After postdoctoral positions at SLAC (1980–82) and Harvard (1982–84) he was a professor at the University of Texas at Austin from 1984 to 1992. From 1992 to March 2017 he was a professor in the Physics Department at the University of California, Santa Barbara and a permanent member of the Kavli Institute for Theoretical Physics there.

==Contributions==

Polchinski wrote the two-volume textbook String Theory, published in 1998. He is best known for the development of D-branes. In 2008 he won the Dirac Medal for his work in superstring theory. He was awarded the 2017 Breakthrough Prize in Fundamental Physics in recognition of his contributions to theoretical physics.

===D-branes===
Polchinski's contributions to D-brane physics were a primary trigger of the second superstring revolution and the physics of holographic gauge-gravity dualities. After co-discovering D-branes in 1989, his 1995 work conjectured and partially demonstrated the equivalence between D-branes and black p-branes. The duality between these objects was soon understood to be a demonstration of holography, in which a theory of quantum gravity (the black p-branes) is equivalent to a lower-dimensional theory without gravity (the D-branes), as later demonstrated in Maldacena's AdS/CFT duality.

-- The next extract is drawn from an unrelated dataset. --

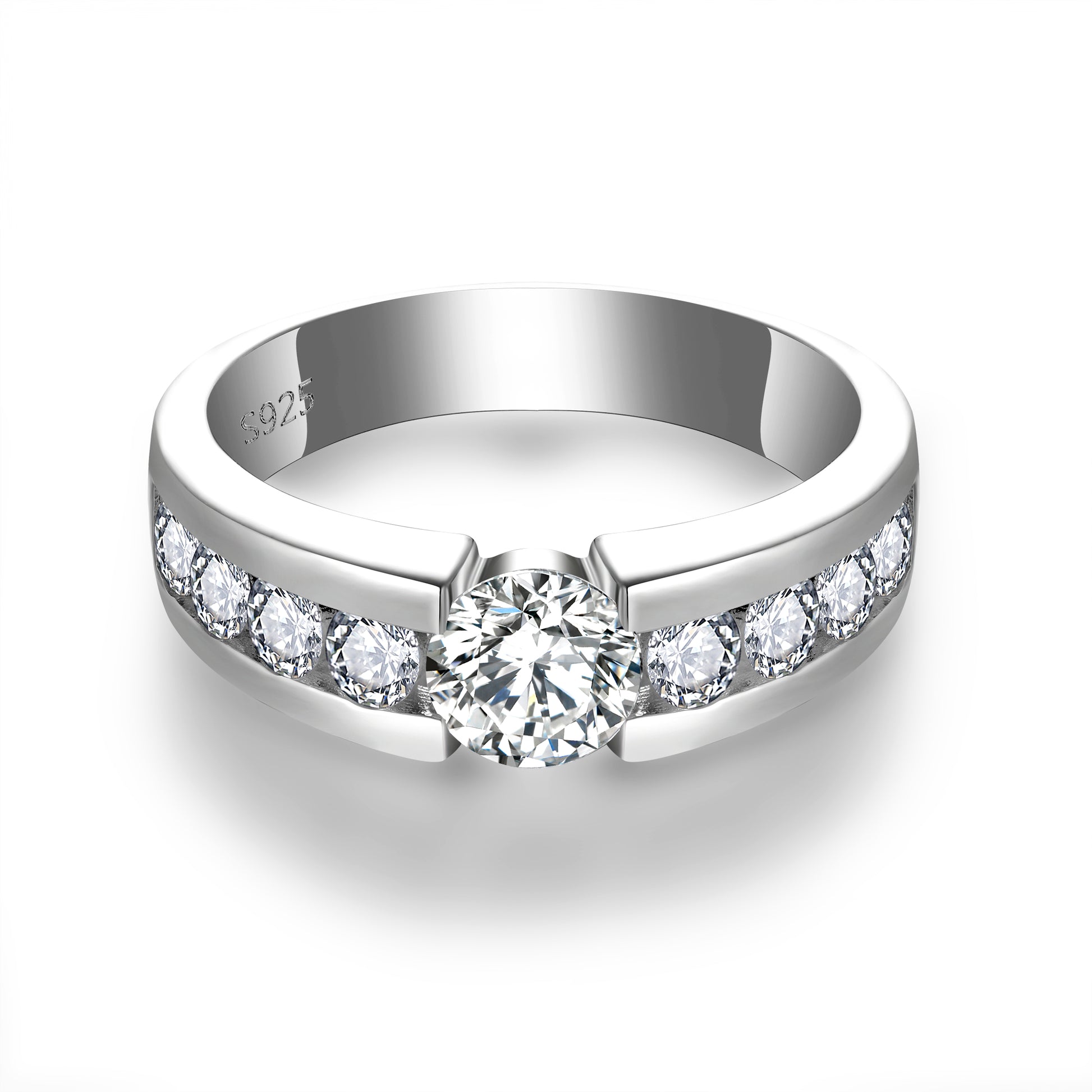 Introducing our IE0299 1 Carat Round Cut Moissanite Band Ring in Sterling Silver, adorned with multiple sparkling round-cut moissanite stones. This elegant ring features a band design, carefully set with brilliant moissanite gems that collectively total 1 carat. Crafted in sterling silver, it blends classic sophistication with modern allure, making it perfect for everyday wear or as a statement piece for special occasions. Embrace the brilliance and beauty of this exquisite ring, designed to captivate and delight. 💍💎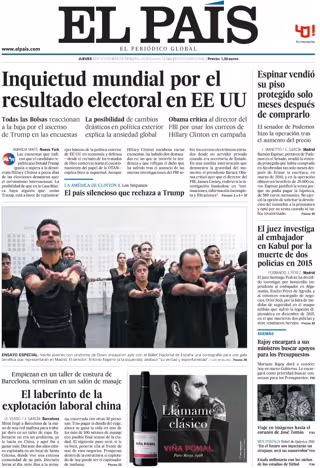 EL PAÍS: "Inquietud mundial por el resultado electoral en EE UU"; "Espinar vendió su piso protegido solo meses después de comprarlo"; "El juez investiga al embajador en Kabul por la muerte de dos policías en 2015"; "Rajoy encargará a sus ministros buscar apoyos para los Presupuestos".

===Polchinski's paradox===

Polchinski's paradox: a billiard ball travels back in time and prevents itself from traveling back in time

In an unpublished communication to Kip Thorne circa 1990, commenting on the Novikov self-consistency principle (in relation to sending objects or people through a traversable wormhole into the past, and the time paradoxes that could result), Polchinski raised a potentially paradoxical situation involving a billiard ball which passes through a wormhole which sends it back in time. In this scenario, the ball is fired into a wormhole at an angle such that it exits the wormhole in the past at just the right angle to collide with its earlier self, thereby knocking it off course and preventing it from entering the wormhole in the first place. Thorne dubbed this problem "Polchinski's paradox" in 1994.

Later students of the whimsical problem developed solutions which avoid inconsistencies by having the ball emerge from the future at a different angle than the one used to generate the paradox and deliver its past self a glancing blow instead of knocking it completely away from the wormhole, which changes its trajectory in just the right way so that it travels back in time with the angle required to deliver this glancing blow to its past self.
(It is also possible that the ball that exits the wormhole knocks its past self off course from the wormhole completely. Even with the original ball being knocked off course the future ball could bounce off the original ball and enter the wormhole again, closing the paradox. The ball that entered the wormhole will always enter the wormhole creating an infinite loop.)

===2012 paper on black holes===

In July 2012, Polchinski and two of his students, James Sully and Ahmed Almheiri, along with Donald Marolf, published a paper whose calculations about black hole radiation suggested that either general relativity's equivalence principle is wrong, or else a key tenet of quantum mechanics is incorrect.

==Personal life and death==
Polchinski had two sons, Steven and Daniel, with his wife, Dorothy Maria Chun, whom he married in 1980.

He died at his home in Santa Barbara, California on February 2, 2018, of brain cancer, at the age of 63.

==Bibliography==
- Polchinski, Joseph (1998a). "String Theory Vol. I: An Introduction to the Bosonic String"
- Polchinski, Joseph (1998b). "String Theory Vol. II: Superstring Theory and Beyond"
- Polchinski, Joseph (2017). "Memories of a Theoretical Physicist". Autobiographical memoir.